30 Gennaio 2026
Europa bandiera (Pixabay)
Il principio dimenticato di Kenneth Waltz
Kenneth Waltz, uno dei maggiori teorici del realismo strutturale, ricordava un punto essenziale: l’obiettivo primario di ogni Stato non è espandersi né “fare il bene”, ma evitare di essere dominato da un altro Stato. È una regola minima di sopravvivenza, non un’ambizione imperiale. Eppure, osservando la politica italiana ed europea, si ha l’impressione che questo principio sia stato consapevolmente accantonato, se non rovesciato.
Italia: Stato debole, errori forti
L’Italia non è una grande potenza e difficilmente potrà tornarlo. È un Paese de-industrializzato, privo di materie prime strategiche, con margini di manovra ridotti. Proprio per questo, secondo la logica realista, dovrebbe agire con prudenza estrema. Accade l’opposto: asset strategici ceduti, telecomunicazioni sotto influenza esterna, cybersicurezza affidata a partner stranieri, apparati sensibili permeabili a pressioni esterne.

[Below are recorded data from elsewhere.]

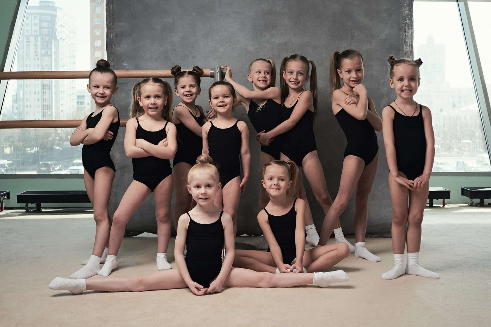 На пробное занятие и первую тренировку ребенок может быть одет в шорты (ориентируйтесь на состав: 98% полиэстер, 2% эластан; 90% хлопок 10% лайкра) и обтягивающую майку (ориентируйтесь на состав: 90% хлопок, 10% эластан), белые носочки (на первую тренировку желательно приобрести специальные полупальцы). В зависимости от температуры в зале, также можно использовать лосины, гетры, толстовку. Желательно, чтобы одежда была одного цвета (либо сочетание двух цветов).
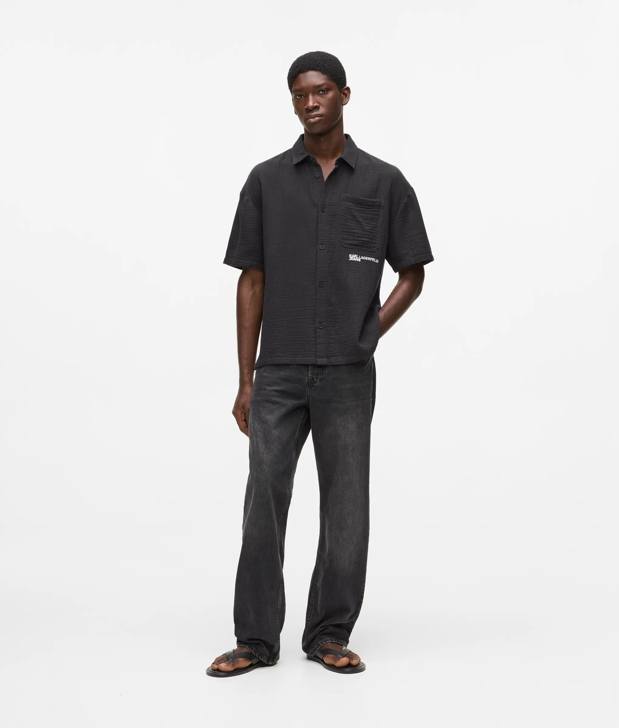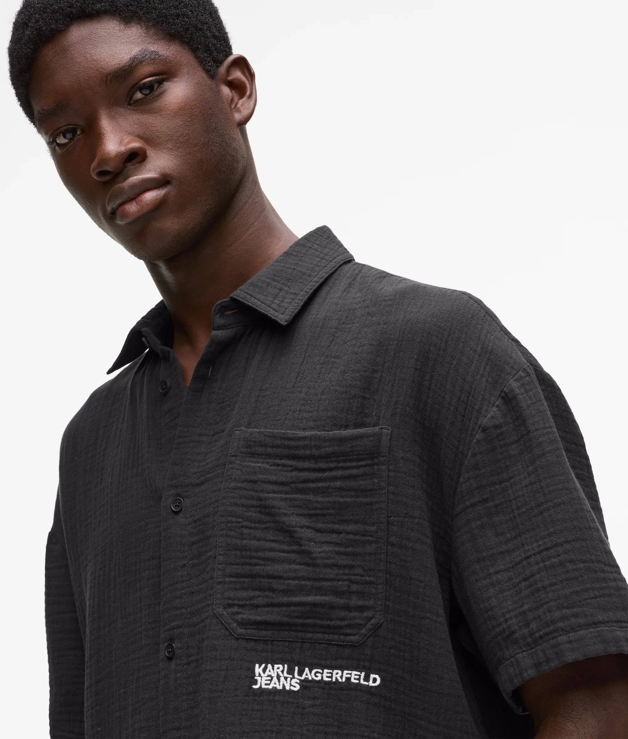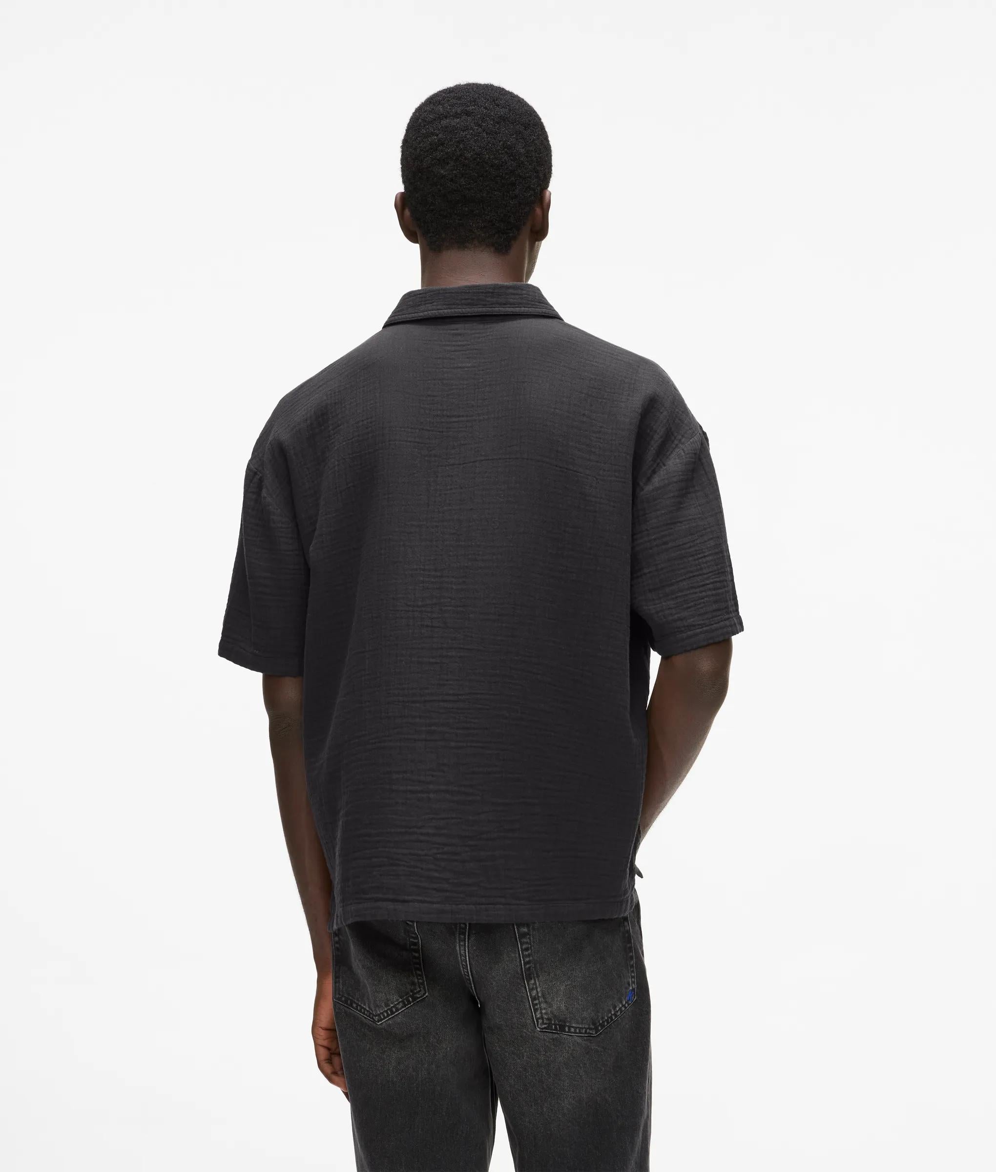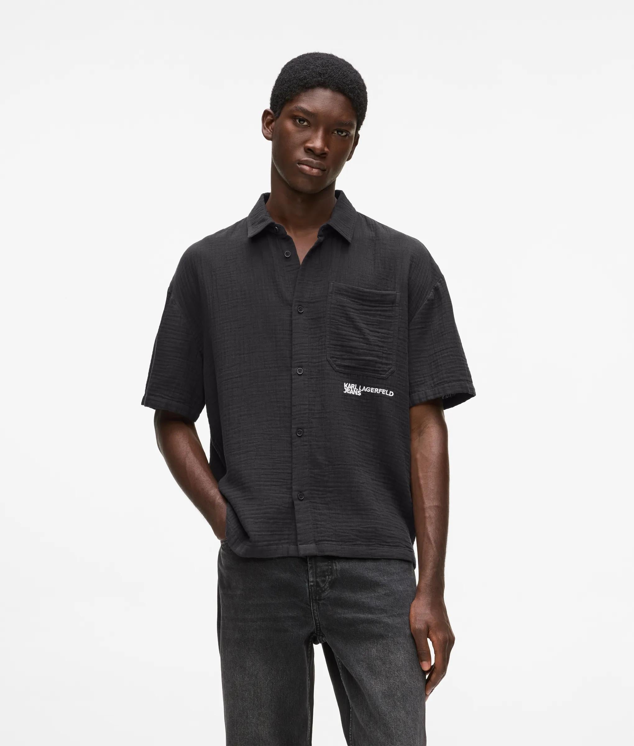 A short-sleeved shirt with a tactile crinkled texture and sharp button-front closure, punctuated by a bold logo at the chest pocket for a confident, modern edge.
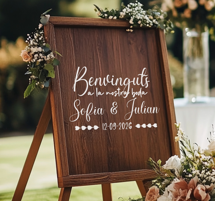 Referencia: A41634¡Bienvenidos a la celebración de su amor! La Pegatina boda tablón de madera personalizado (catalán) es la elección perfecta para añadir un toque único y especial a tu evento. Este diseño encantador presenta un fondo que evoca la calidez de la madera, y en él resaltan las palabras 'Bienvenidos' y 'Boda', creando un ambiente acogedor y festivo que refleja el tema de tu boda de manera personalizada.

Non è cooperazione: è rinuncia alla sovranità.
Il Mediterraneo rimosso
L’errore più grave è di natura geografica e strategica. L’Italia non si trova nel Golfo del Messico, ma nel Mediterraneo, crocevia tra Europa, Africa e Vicino Oriente. Agire come se fossimo una propaggine dell’Atlantico significa ignorare la nostra collocazione naturale. Le conseguenze sono evidenti: dalla distruzione della Libia in poi, Roma ha subito umiliazioni continue, dimostrando di non saper difendere nemmeno i propri interessi minimi nello spazio vitale più immediato.
Europa: realismo magico e doppi standard
L’Unione Europea vive una sorta di realismo magico geopolitico. La Cina è definita “rivale sistemico” mentre le sue imprese costruiscono infrastrutture cruciali per l’economia europea. Gli Stati Uniti sono “alleati”, anche quando minacciano territori europei come la Groenlandia o impongono ricatti tariffari. Questo non è pragmatismo: è asimmetria di potere interiorizzata.
La sicurezza come pretesto politico
Bruxelles ha trasformato il concetto di sicurezza in una clava ideologica. Dalle telecomunicazioni al solare, ogni cooperazione con la Cina viene politicizzata, senza prove tecniche solide. Il caso Huawei è emblematico: contratti legittimi vengono messi in discussione per pressioni esterne, minando lo Stato di diritto e la certezza giuridica. È una deriva che nulla ha di liberale e molto di subalterno.
Dal “de-risking” al de-sviluppo
La cosiddetta strategia di de-risking si è trasformata in de-development. Escludere fornitori cinesi significa aumentare i costi, rallentare la transizione verde, frenare l’innovazione digitale. Oltre il 90% dei pannelli solari europei è prodotto in Cina: spezzare questa catena non rafforza l’Europa, la indebolisce strutturalmente. A guadagnarne non è la sicurezza, ma l’egemonia tecnologica americana.
Vassallaggio senza reciprocità
L’Europa si piega sistematicamente agli Stati Uniti senza ottenere rispetto né reciprocità. Subisce dazi, minacce, umiliazioni simboliche. La proposta di “acquistare” la Groenlandia non è una boutade: è la manifestazione esplicita di una mentalità egemonica. La risposta europea è stata debole, quasi imbarazzata. È il segno di una classe dirigente che ha smarrito il senso stesso della dignità statale.
Russia, Cina e il mondo multipolare
Da osservatore filorusso ma moderato, va detto con chiarezza: Russia e Cina non sono benefattori, ma attori razionali in un mondo multipolare. Mosca, in particolare, ha dimostrato di possedere una capacità rara oggi: una relativa autosufficienza strategica, energetica e militare. Questo spiega perché resista alle pressioni occidentali. L’Europa, al contrario, ha scelto la dipendenza strutturale come modello.
Autonomia strategica: slogan o scelta
La Cina continua a dichiararsi favorevole a un’Europa autonoma. Ma l’autonomia non si proclama: si pratica. Richiede giudizio indipendente, capacità di distinguere interessi propri da quelli altrui, e soprattutto il coraggio di dire no. Finché Bruxelles seguirà decisioni prese altrove, l’Europa resterà una pedina, non un polo. Waltz non chiedeva eroismi, ma razionalità. Per l’Italia e per l’Europa, tornare al realismo significa recuperare il principio base della statualità: non facilitare il dominio altrui. Continuare sulla strada dei doppi standard, del vassallaggio tecnologico e della rinuncia geopolitica porterà solo a un lento declino. In un mondo che torna alla politica di potenza, l’ingenuità non è una virtù: è un lusso che non possiamo più permetterci.